Zigurd 3 days ago | parent | next [-]

Waymo has published videos about how their remote operator system works. Waymo's are never remotely driven. They're just told what the operator thinks is the best place for them to go next in a situation where the vehicle can't make that decision. This is critical to controlling opex. Waymos operate 24/7, that means three shifts of operators plus coverage for weekends, vacation, and sick time. This is where the difference between a demo and a product is going to be decided. Alphabet could be reckless about spending on remote operators. But I think they're still processing the trauma of buying Motorola and won't tolerate a big jump in headcount.

Animats 3 days ago | parent | next [-]

> Waymo has published videos about how their remote operator system works.
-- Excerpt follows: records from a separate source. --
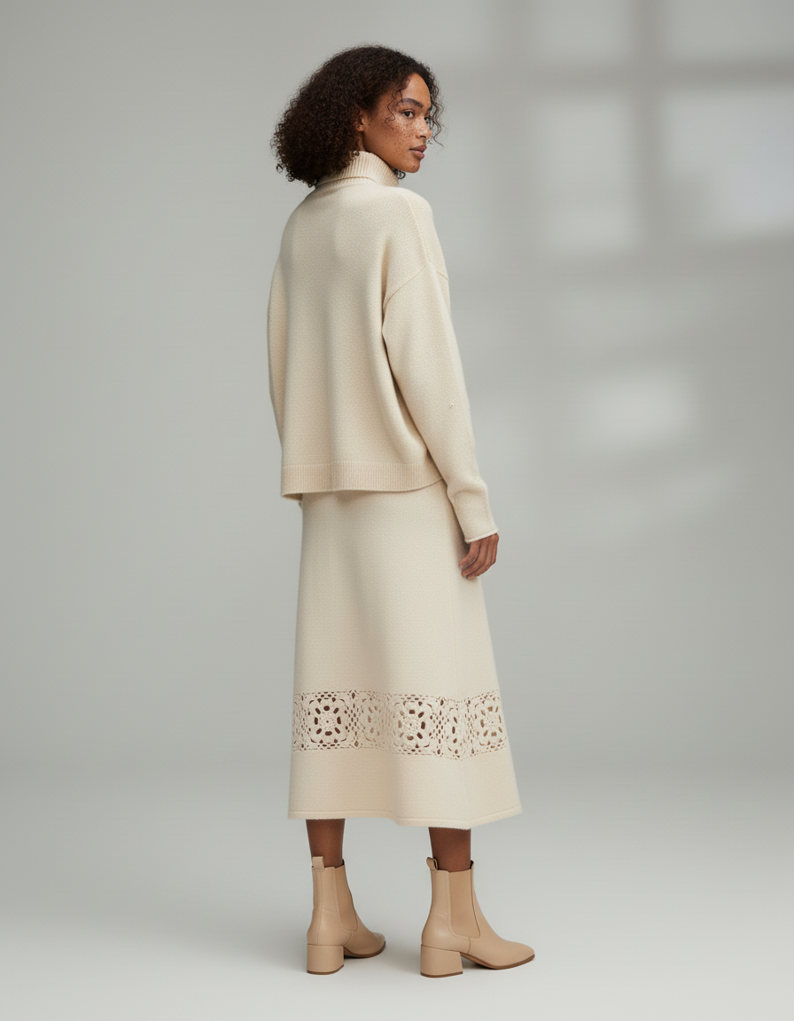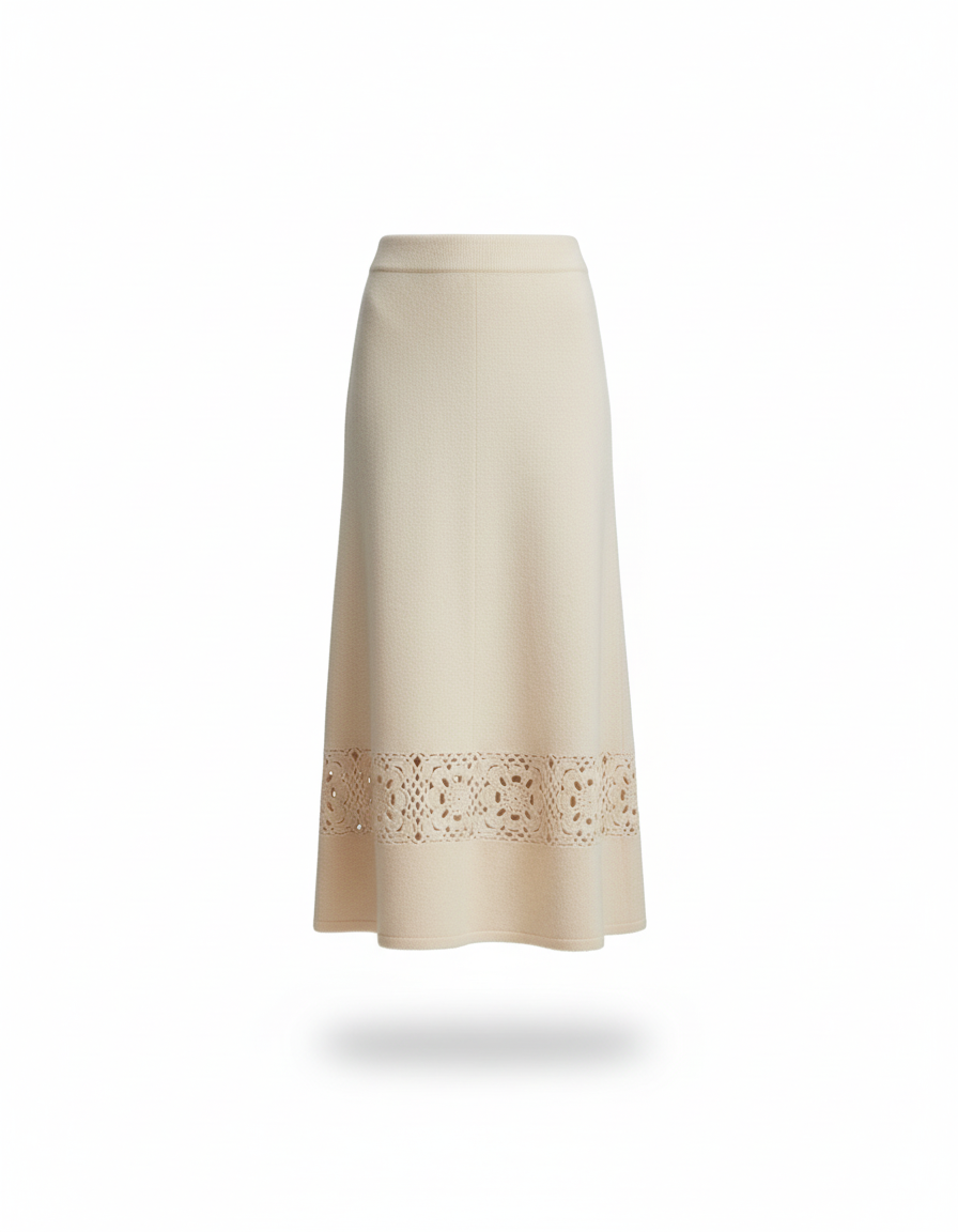 La Jupe Longue Crème Ajourée Élégante : un vêtement à motif ajouré
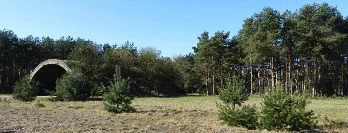 Zwischen der noch vorhandenen Infrastruktur (unter anderem Flugzeugshelter) befinden sich Kiefern-, Birken- und Eichenbestände, in die teilweise Sandtrockenrasenfragmente und Staudenfluren eingestreut sind. © Biologische Station Kreis Steinfurt e. V
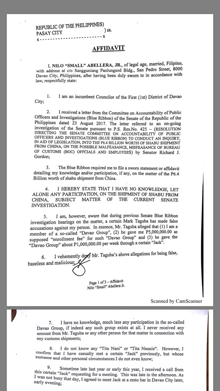 In an affidavit submitted to the Senate blue ribbon committee, Nilo “Small” Abellera said that he “ha(s) no knowledge, let alone any participation (in the entry) of the shabu shipment from China.”
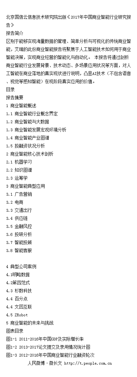 北京国信云信息技术研究院出版《2017年中国商业智能行业研究报告》
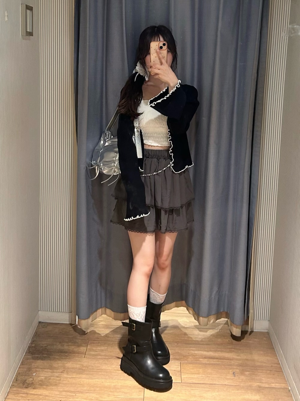 Yu.(Belle Charme渋谷109店)のスカート「チェーンベルト付きティアードミニスカート」を使ったコーディネート
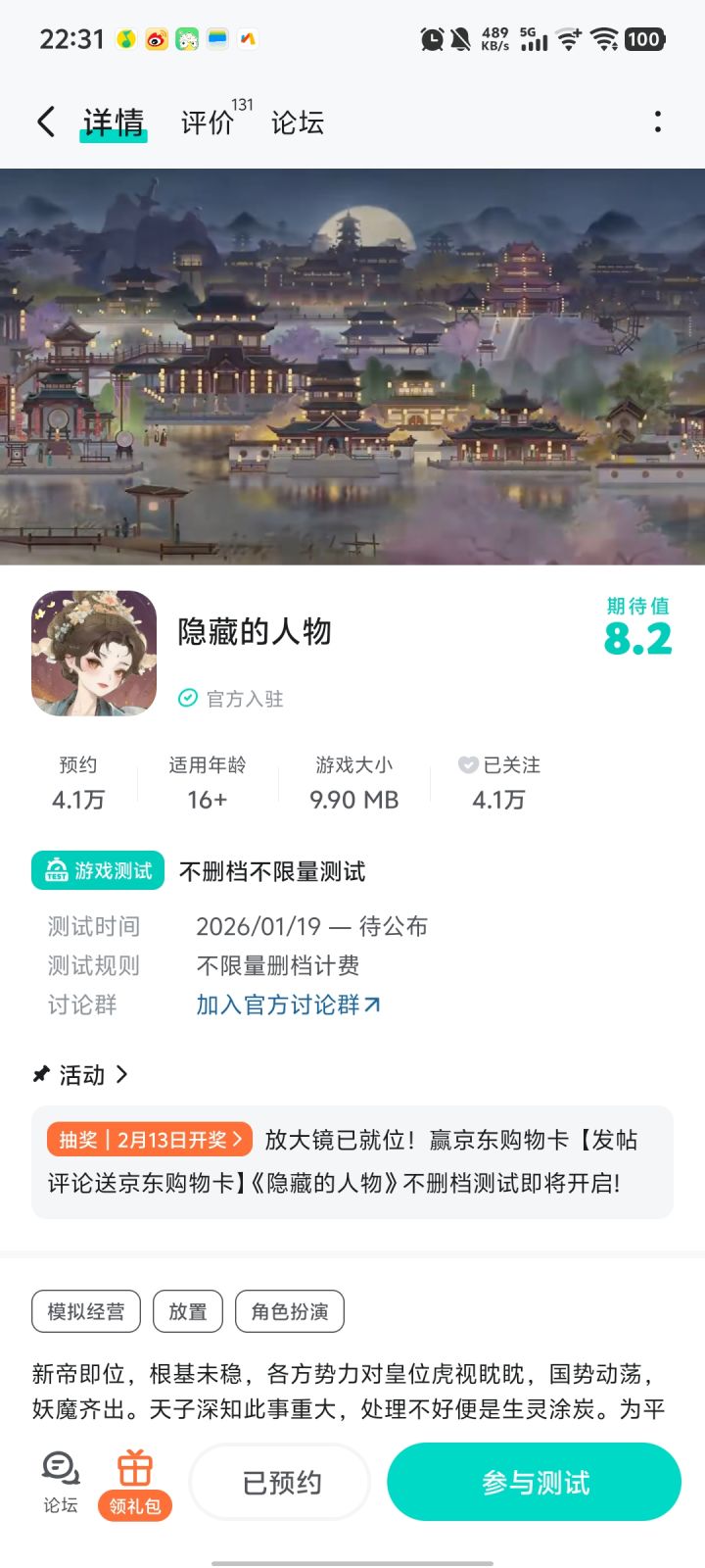 大家好!《隐藏的人》将于 2026 年1月19日10:00开启不删档测试服,感谢大家对我们游戏的关注和支持。现在,大门已缓缓开启。请带上你的好奇心和放大镜,在我们精心策划的活动中,去邂逅那些意想不到的角色,聆听他们无声的诉说。你,准备好开始这场寻宝之旅了吗?活动一、进群福利进群礼包:元宝*100、侍从进阶石*10加入,联系客服QQ:2757945810领取礼包码。活动二、预约/下载赢京东购
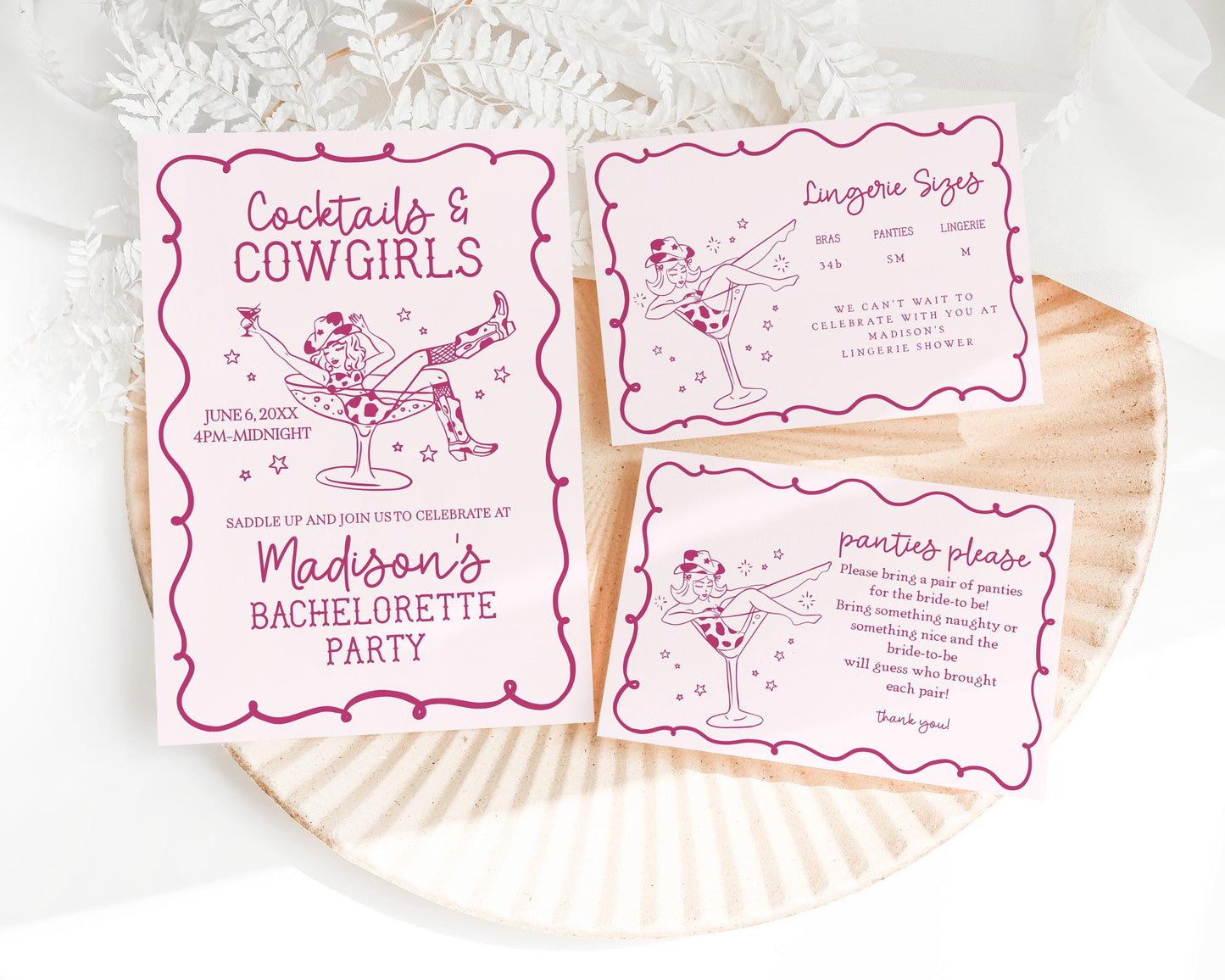 Pink Cocktails and Cowgirls Bachelorette Bundle Template

Although not, as far as I've been able to find, videos that actually show the control center. Just semi-animated videos of the advising process. The number of customer support people per vehicle is not disclosed.

Employee stats are available.[1] Unclear how accurate they are. According to Unify, Waymo has 2,406 employees. Headcount is up only 6.6% since last year, even though the number of vehicles deployed has reportedly tripled. So they seem to have a big fixed labor cost in engineering, and but a low variable cost per car. Which means this scales well and becomes profitable.

[1] https://www.unifygtm.com/insights-headcount/waymo

Zigurd 3 days ago | parent [-]

The relatively low headcount growth enables estimating values for the number of remote operators per vehicle. It takes four FTEs to fill one seat in the remote operation center 24/7.

If the ratio of remote operators to vehicles is 1:10, and the fleet size is 2500, that's 1000 FTEs. That's more than 5X the headcount growth.

If all of the headcount growth goes to remote operations, it would be one seat for 50 vehicles. I'd guess it's more like one to 100.

That fits with the relative rarity of seeing Waymos stopped waiting for instructions.

leoc 3 days ago | parent [-]

Do we know that the remote operators (all? mostly?) show up in that data as employees, though? Waymo's development has presumably reached the point where it would want to start filling remote-assistance seats with contractors. (There's also offline but relatively labour-intensive work like updating maps, adjusting routes and the like.)

One remote assistant per 50 or 100 vehicles would also seem to put Waymo now far ahead of where Cruise was in 2023, when according to the NYT's sources Cruise's remote assistance staff "intervened to assist the vehicles every two and a half to five miles", though I suppose it's not especially hard to believe that 2025 Waymo is beating 2023 Cruise handily.

leoc 3 days ago | parent | prev | next [-]

Sure: I didn't say that the remote workers were driving the autonomous vehicles. The NYT article I linked gives a pretty clear account of what they're doing. (The big exception here would of course be Tesla, assuming it ever gets its current "robotaxi" plans to fruition.) In any case, while the "what the humans are doing is not driving" thing always seems to come up early in these discussions, it's a relatively secondary issue when it comes to the cost and profitability question, while (as you say yourself) things like human-assistant-hours per vehicle-hour are central.

voxic11 3 days ago | parent | prev [-]

Also (at least in the SF market anyways) their operating license does not allow cars to be remotely controlled.

seanmcdirmid 3 days ago | parent | prev | next [-]

I guess, but my interaction with a real person in a waymo was limited to 15 seconds on my many rides, so I don't know if I'm just an anomaly or not.

> it's also a positive attraction eg. for anyone who worries about their safety with a rando taxi driver or Uber guy

Yes, this is the main reason to like it. I've had too many experiences with an Uber driver nearly falling asleep while transporting me.

> though presumably a significant part of the savings will be simply be the result of outsourcing to lower-wage countries.

Given how many Uber drivers are immigrants already, this is already happening if Waymo employs call center employees from the Philippines or not.

Scoundreller 3 days ago | parent | prev [-]

Also cost savings because you can do things like work the 8AM rush on the east coast and then 3 hours later start picking up the 8AM rush on the west coast with its 3h time zone difference.